Now there is for example a URL www.geocities.com/blabla/
index.html one of these 100 URLs.
I want to download ONLY www.geocities.com/blabla/* and all
files with given extensions in its subdirecories, but not on
any other sites. So for example not from www.geocities.com/
dontdownload/* , even, if a link in www.geocities.com/
blabla/index.html points to it.
In the FAQ and in the forum you tell the people to use
filters for such reasons. Well, if it were only a few URLs,
no problem.
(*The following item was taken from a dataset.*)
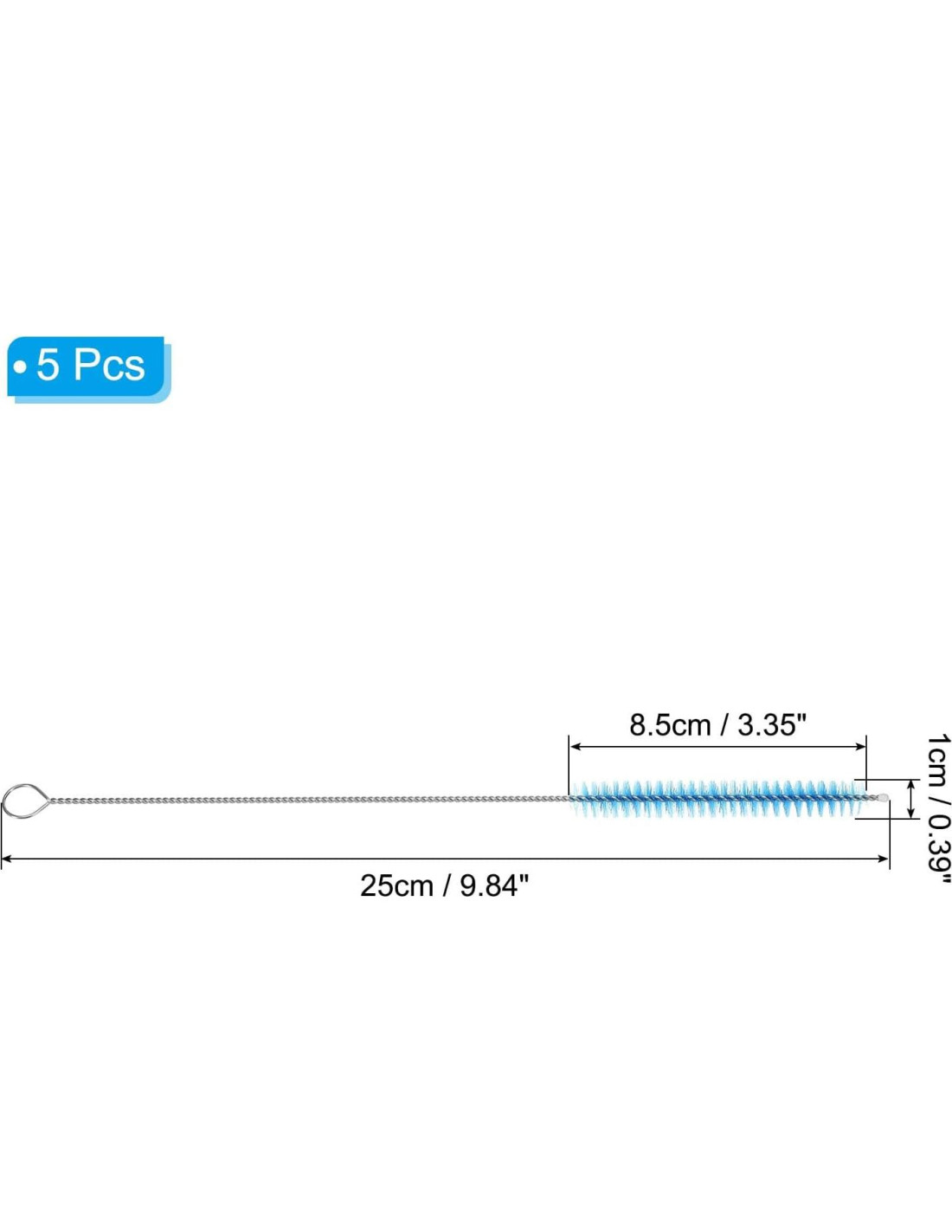 - Color: Azul; Material: Acero Inoxidable 304, Nylon; Longitud del Cepillo: 8.5cm (3.35 pulgadas); Tamaño Total: 25 x 1 cm (9.84 x 0.39 pulgadas) (L*Diámetro); Lista de Empaque: 5pcs x Cepillo Limpiador de Pajitas

But with so many URLs? almost impossible.
You have at least to put all these 100 URLs (which change
often) also into the filters.
And what to do for the different extensions?
so, i come to the realization that i have to put the
following into the filter for any of the 100 URLs...:
-*
...
+*www.geocities.com/blabla/*.extension1
+*www.geocities.com/blabla/*.extension2
+*www.geocities.com/blabla/*.extension3
+*www.geocities.com/blabla/*.extension4
+*www.geocities.com/blabla/*.extension5
+*www.geocities.com/blabla/*.htm
+*www.geocities.com/blabla/*.html
+*www.geocities.com/blabla/*.shtml
etc....
Is there any way to do this without making a monster-filter
with 800+ entries? (one for each url, multiplied with the
number of different filetypes...). (and i cant generate such
filters automatized...).
(or maybe 100, if there is a way to "or" some extensions,
for example:
+*www.geocities.com/blabla/*.[extension1,extension2,
extension3,...] , which didnt work for me because i also
have to specify limits for filesizes, extension2[>10] ).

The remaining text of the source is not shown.